*AIM OF THE EXERCISE:* Restate word for word the section of the entries that opens at the line containing "Редуктор давления газа 0-25 МПа CO2 Mig Tig" and closes at the line containing "8mm ブレスレット _MC954", both lines kept, pictures dropped.

*MATERIAL TO PROCESS:*
#####
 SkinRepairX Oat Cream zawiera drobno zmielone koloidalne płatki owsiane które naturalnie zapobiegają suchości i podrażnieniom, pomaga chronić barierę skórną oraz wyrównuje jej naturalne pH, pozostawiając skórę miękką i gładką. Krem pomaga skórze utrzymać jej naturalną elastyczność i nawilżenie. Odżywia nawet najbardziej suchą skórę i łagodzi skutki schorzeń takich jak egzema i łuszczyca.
#####
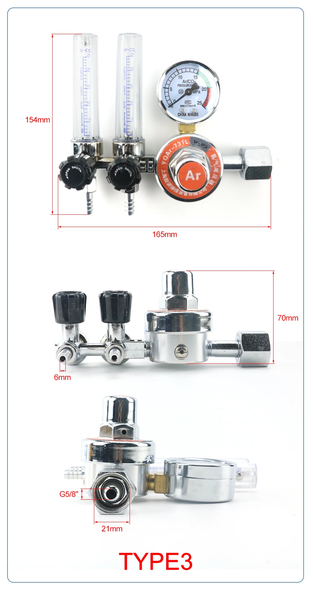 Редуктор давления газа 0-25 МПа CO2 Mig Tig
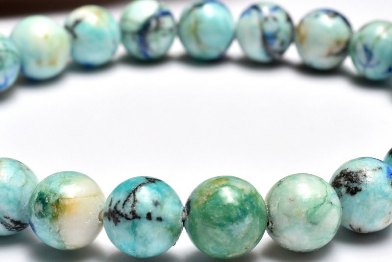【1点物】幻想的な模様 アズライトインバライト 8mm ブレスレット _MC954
#####
*TASK OUTPUT:*
 Редуктор давления газа 0-25 МПа CO2 Mig Tig
【1点物】幻想的な模様 アズライトインバライト 8mm ブレスレット _MC954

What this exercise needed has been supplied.